### Saved data entries
━━━━━━━━━━━━━━━━━━━━
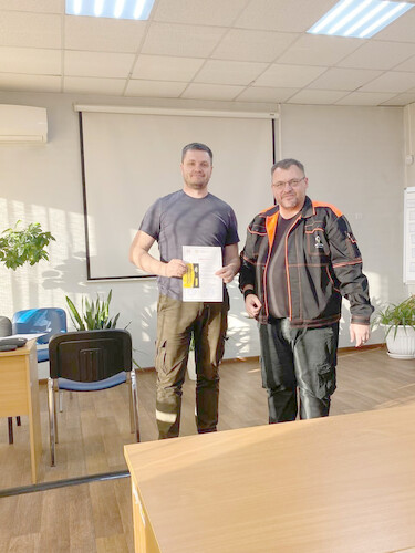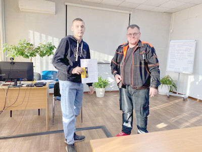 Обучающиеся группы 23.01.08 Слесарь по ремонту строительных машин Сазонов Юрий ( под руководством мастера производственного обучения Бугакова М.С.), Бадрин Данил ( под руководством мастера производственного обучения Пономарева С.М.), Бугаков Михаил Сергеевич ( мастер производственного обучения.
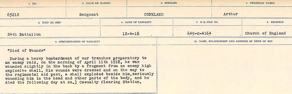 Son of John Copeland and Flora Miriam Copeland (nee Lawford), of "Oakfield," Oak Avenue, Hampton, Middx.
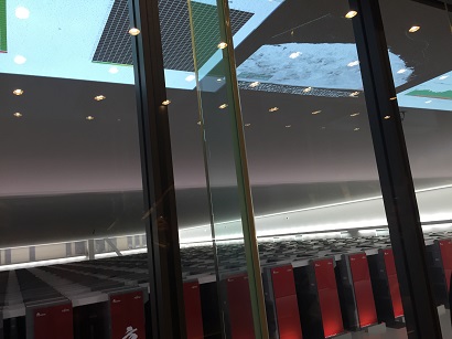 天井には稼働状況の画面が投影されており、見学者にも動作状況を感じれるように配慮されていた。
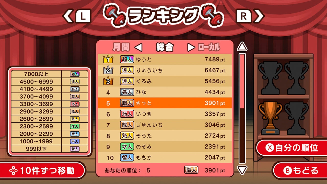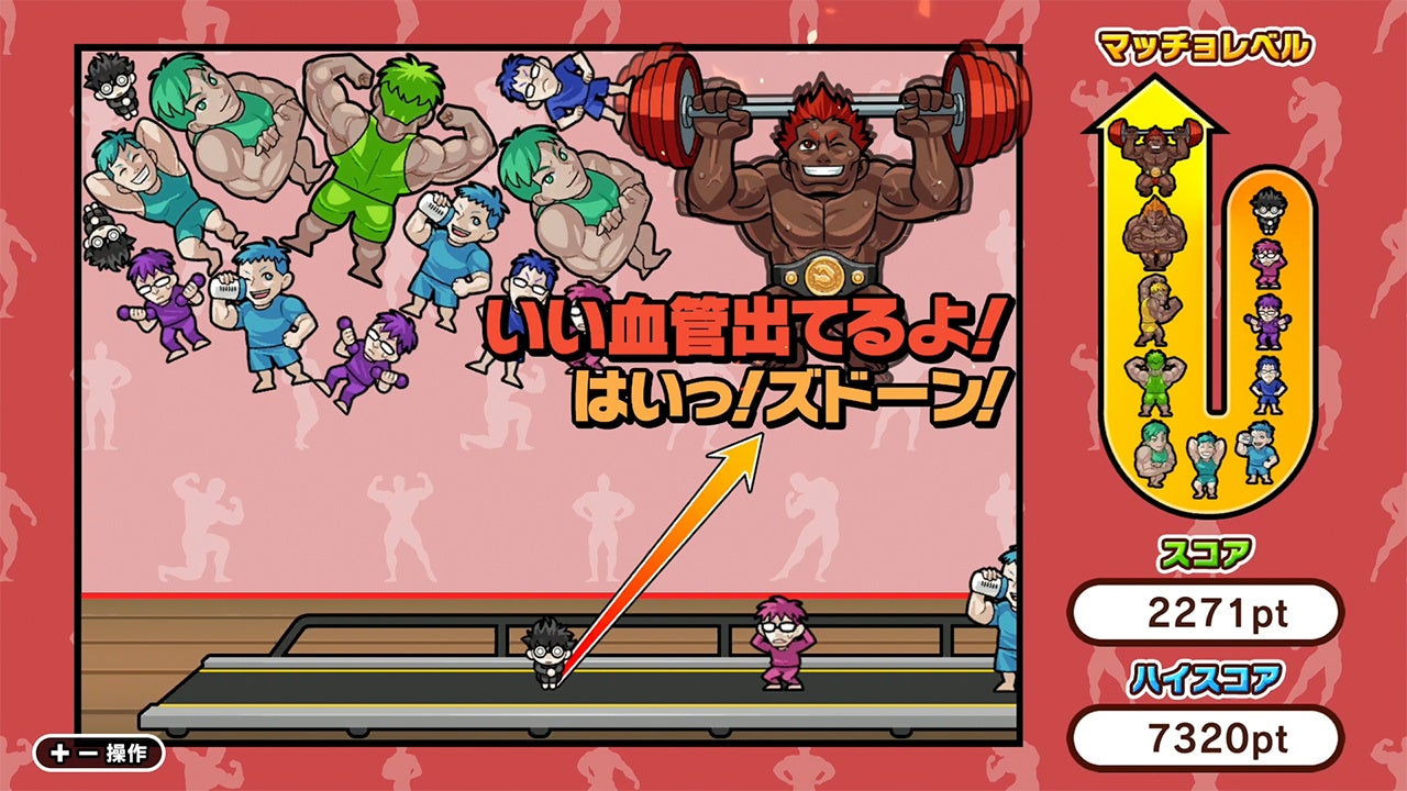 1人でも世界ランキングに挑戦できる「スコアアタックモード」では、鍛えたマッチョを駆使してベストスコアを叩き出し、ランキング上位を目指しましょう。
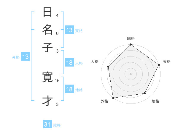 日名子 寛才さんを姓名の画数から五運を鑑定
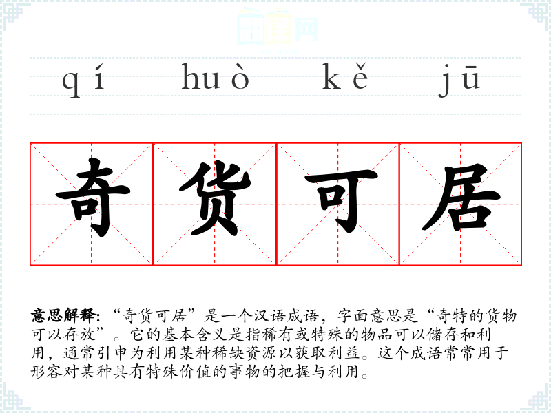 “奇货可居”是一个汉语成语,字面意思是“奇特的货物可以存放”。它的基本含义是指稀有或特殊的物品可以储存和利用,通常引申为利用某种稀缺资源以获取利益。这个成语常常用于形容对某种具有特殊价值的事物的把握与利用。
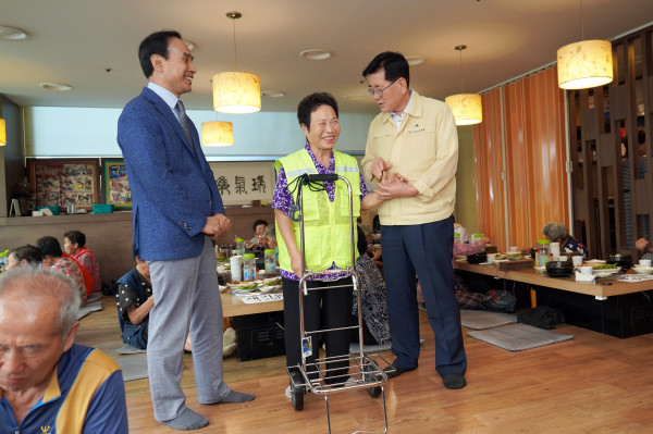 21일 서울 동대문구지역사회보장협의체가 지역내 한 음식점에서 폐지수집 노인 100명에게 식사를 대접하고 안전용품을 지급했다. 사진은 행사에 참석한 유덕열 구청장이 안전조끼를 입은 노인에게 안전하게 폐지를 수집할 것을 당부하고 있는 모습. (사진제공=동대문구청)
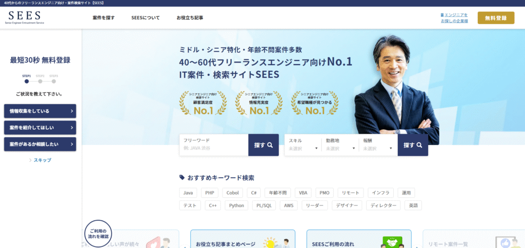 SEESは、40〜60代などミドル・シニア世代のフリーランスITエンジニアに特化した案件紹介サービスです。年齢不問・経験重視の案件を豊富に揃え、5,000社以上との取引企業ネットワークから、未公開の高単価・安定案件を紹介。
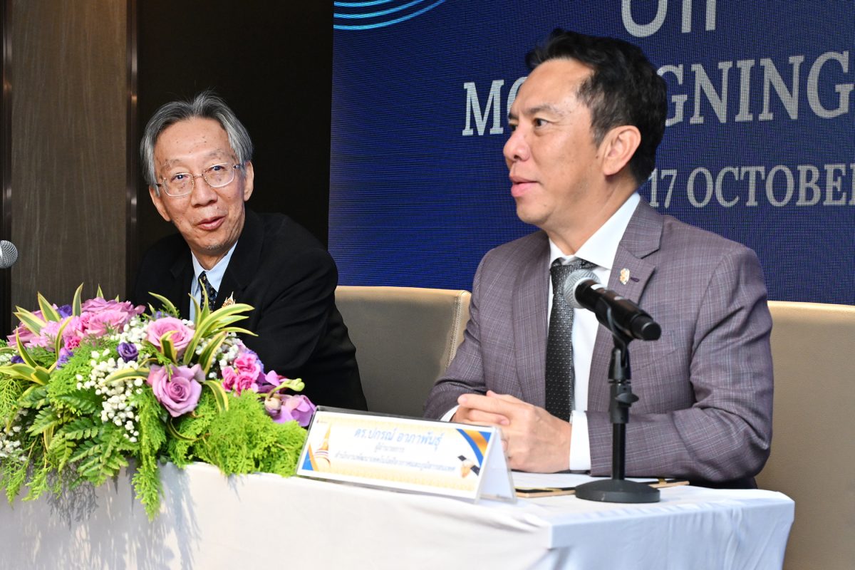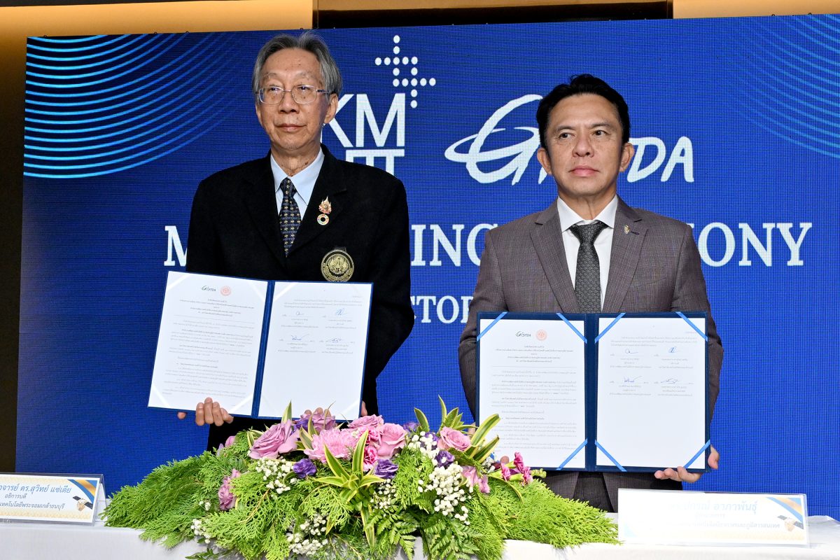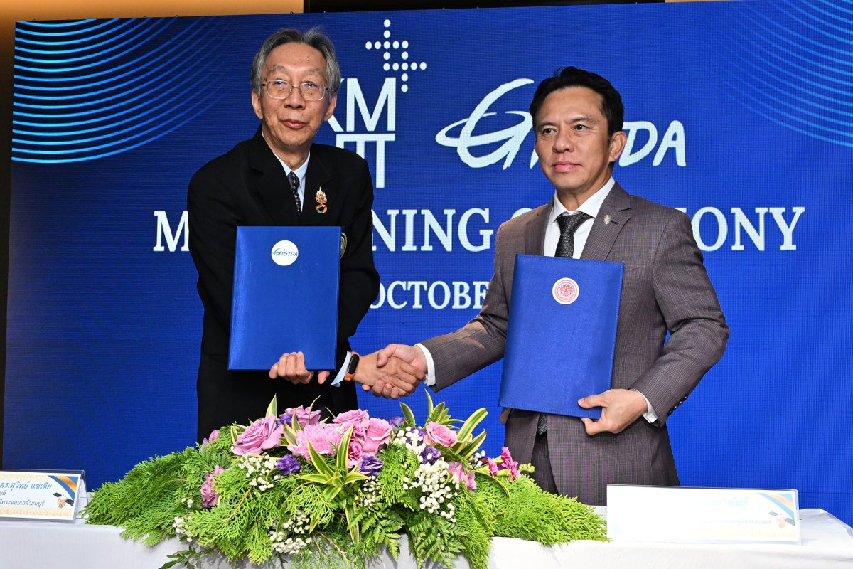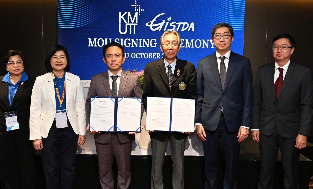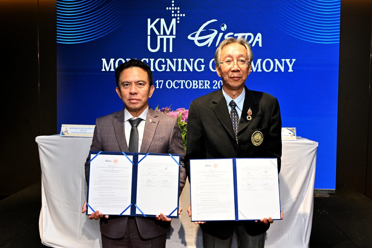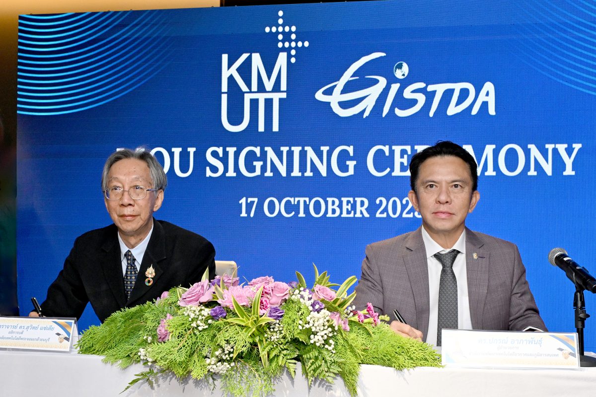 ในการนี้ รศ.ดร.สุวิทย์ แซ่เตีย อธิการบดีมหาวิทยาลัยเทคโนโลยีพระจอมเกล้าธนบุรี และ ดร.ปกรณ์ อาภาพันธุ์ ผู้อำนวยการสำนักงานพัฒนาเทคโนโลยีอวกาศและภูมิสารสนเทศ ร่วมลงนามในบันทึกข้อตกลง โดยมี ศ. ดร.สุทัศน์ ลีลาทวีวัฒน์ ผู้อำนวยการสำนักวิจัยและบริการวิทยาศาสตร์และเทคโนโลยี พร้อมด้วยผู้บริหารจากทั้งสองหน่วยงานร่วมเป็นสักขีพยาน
━━━━━━━━━━━━━━━━━━━━
### ABOUT THIS TASK
Output the entries exactly as they appear, with no pictures included.

### EXERCISE SOLUTION
 Обучающиеся группы 23.01.08 Слесарь по ремонту строительных машин Сазонов Юрий ( под руководством мастера производственного обучения Бугакова М.С.), Бадрин Данил ( под руководством мастера производственного обучения Пономарева С.М.), Бугаков Михаил Сергеевич ( мастер производственного обучения.
 Son of John Copeland and Flora Miriam Copeland (nee Lawford), of "Oakfield," Oak Avenue, Hampton, Middx.
 天井には稼働状況の画面が投影されており、見学者にも動作状況を感じれるように配慮されていた。
 1人でも世界ランキングに挑戦できる「スコアアタックモード」では、鍛えたマッチョを駆使してベストスコアを叩き出し、ランキング上位を目指しましょう。
 日名子 寛才さんを姓名の画数から五運を鑑定
 “奇货可居”是一个汉语成语,字面意思是“奇特的货物可以存放”。它的基本含义是指稀有或特殊的物品可以储存和利用,通常引申为利用某种稀缺资源以获取利益。这个成语常常用于形容对某种具有特殊价值的事物的把握与利用。
 21일 서울 동대문구지역사회보장협의체가 지역내 한 음식점에서 폐지수집 노인 100명에게 식사를 대접하고 안전용품을 지급했다. 사진은 행사에 참석한 유덕열 구청장이 안전조끼를 입은 노인에게 안전하게 폐지를 수집할 것을 당부하고 있는 모습. (사진제공=동대문구청)
 SEESは、40〜60代などミドル・シニア世代のフリーランスITエンジニアに特化した案件紹介サービスです。年齢不問・経験重視の案件を豊富に揃え、5,000社以上との取引企業ネットワークから、未公開の高単価・安定案件を紹介。
 ในการนี้ รศ.ดร.สุวิทย์ แซ่เตีย อธิการบดีมหาวิทยาลัยเทคโนโลยีพระจอมเกล้าธนบุรี และ ดร.ปกรณ์ อาภาพันธุ์ ผู้อำนวยการสำนักงานพัฒนาเทคโนโลยีอวกาศและภูมิสารสนเทศ ร่วมลงนามในบันทึกข้อตกลง โดยมี ศ. ดร.สุทัศน์ ลีลาทวีวัฒน์ ผู้อำนวยการสำนักวิจัยและบริการวิทยาศาสตร์และเทคโนโลยี พร้อมด้วยผู้บริหารจากทั้งสองหน่วยงานร่วมเป็นสักขีพยาน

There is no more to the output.